A Disorienting, Noise-Rock Collage
Sonic Youth captured audiences throughout the ‘80s and ‘90s with their unique brand of rock music. Guitarists Thurston Moore, Lee Ranaldo and Kim Gordon employed inventive alternate tunings and prepared instruments to fashion a highly abrasive, yet deeply absorbing, sound. Their music often relied on ruggedly polished power chord riffs reminiscent of the distortion of grunge and punk rock music. However, Sonic Youth would regularly layer these more conventional riffs with blaring walls of sound to achieve their own distinctive sonic trademark; one focused primarily on dense guitar-driven soundscapes.
Following the group’s dissolution in 2011, its members have been able to carve out their own respective niches whilst pursuing solo projects. In the case of bassist Kim Gordon, she has instilled her newest project, Glitterbust, with some of the more experimental qualities of her former band. Following a string of solo albums throughout the ‘90s, and a collaborative work with Bill Nace in 2013, Gordon has proved herself to be an artistic force more than capable of escaping the formidable shadow cast by Sonic Youth.

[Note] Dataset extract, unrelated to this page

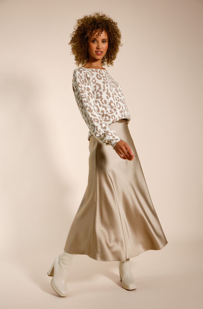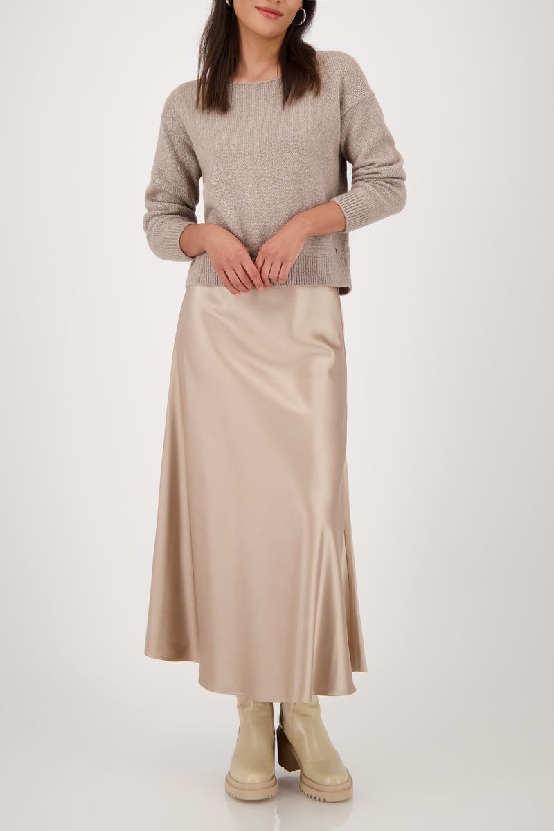 Eleganter Satinrock in Midi-Länge, aus elastischem Material mit fließendem Fall und komfortablem Taillenband – für einen stilvollen Auftritt.

Glitterbust adds to Gordon’s impressive legacy. It takes the same highly minimalist, free-form approach that characterized Gordon’s previous collaboration – Body/Head – and frames it within a more atmospheric setting. The five-song album brazenly rejects melodic and rhythmic formalities in favor of intricately layered guitar soundscapes. Gordon and Tomorrow Tulips’ Alex Knost trade distorted guitar figures in order to paint a collage of ‘noise rock’ textures – their respective parts crudely distributed towards the left and right fields of the acoustic spectrum, often creating a sense of stereo imbalance. “Repetitive Differ” sees their guitars independently working to capture this jarring quality through its extensive use of backmasking and panned guitar feedback. And throughout the entirety of the 51-minute album, Gordon and Knost employ similarly experimental mixing and performative methods to create a truly mystifying auditory experience.

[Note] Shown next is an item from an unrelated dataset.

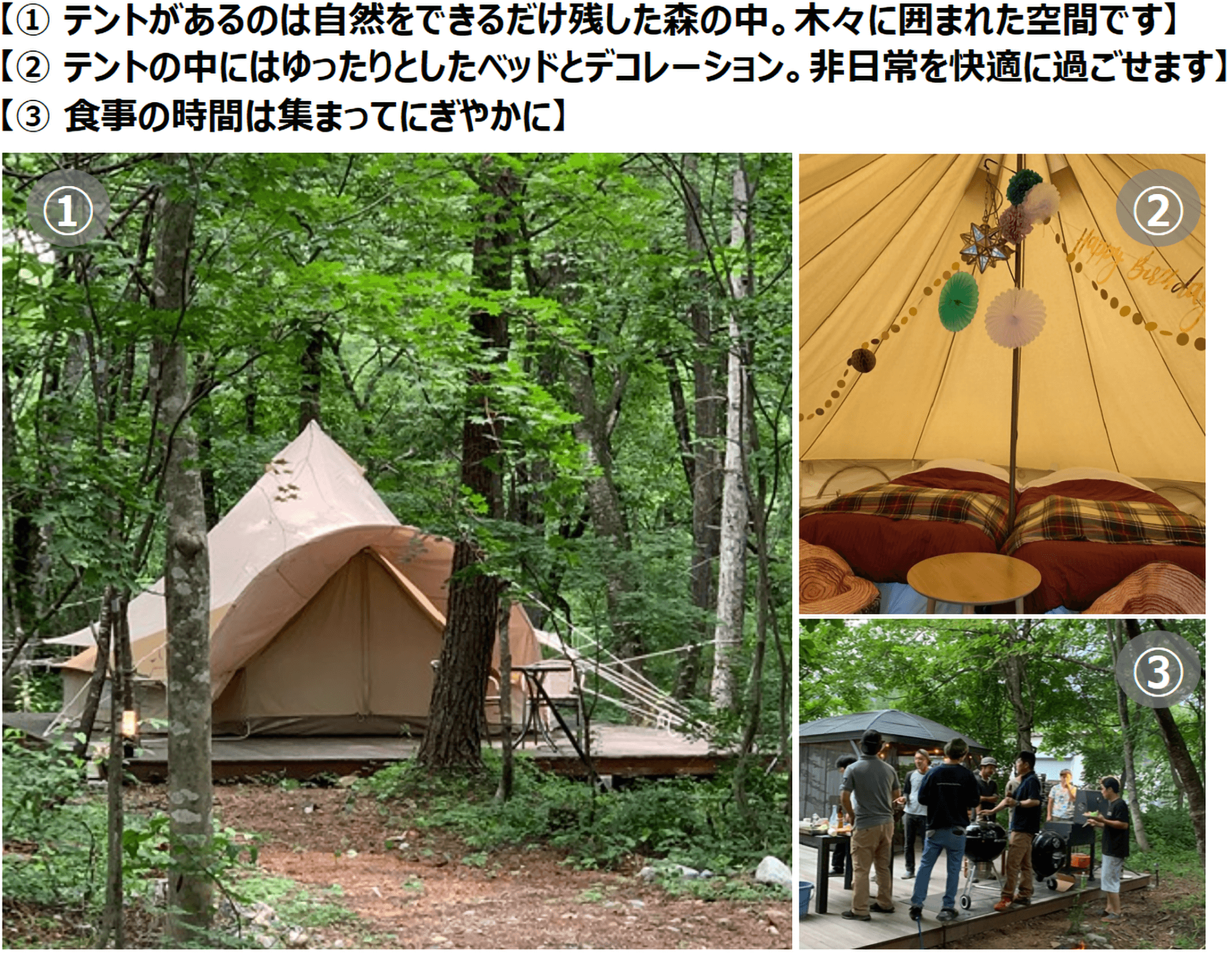 (注)グランピング(Glamping):グラマラス(魅力的な)とキャンピングを掛け合わせた造語。テント設営や食事の準備などの煩わしさから旅行者を解放した「良い所取りの自然体験」(出展「一般社団法人日本ブランピング協会」HP)

The duo’s refusal to extend a melody or neatly resolve a harmonic progression, as evinced by the mind-numbingly static guitar drones that comprise the twelve minutes of “Erotic Resume,” merely heightens this disorientation. Much like how Arnold Schoenberg and other early 20th century modernist composers experimented with tonality, Glitterbust cleverly plays with guitar textures, panning effects and amorphous song structures to create a constant state of unease and disorientation. Its songs seemingly drone on into perpetuity, as blaring guitars ring past each eardrum, drifting the listener into a state of spellbinding hypnosis.
This constant anticipation is part of what makes Glitterbust so intriguing. Gordon exaggerates the hypnotic sonic formats and textures utilized by Sonic Youth to create her own idiosyncratic brand of guitar-driven noise-rock. While her approach will undoubtedly be impenetrable to many listeners who yearn for clarity and resolution, lovers of both the avant-garde and noise-rock will surely embrace Glitterbust’s immaculately dense soundscapes. And for avid Sonic Youth fans, “The Highline” offers a more conventional (albeit 9-minute) track featuring Gordon’s wistfully delicate vocals, paired with a highly repetitive, strangely engrossing guitar riff that evokes the mesmerizing pre-chorus of “Teenage Riot.” Despite its peculiarities, Glitterbust is nothing if not intriguing. It serves as a reminder that Kim Gordon’s creative potential is nowhere near exhausted.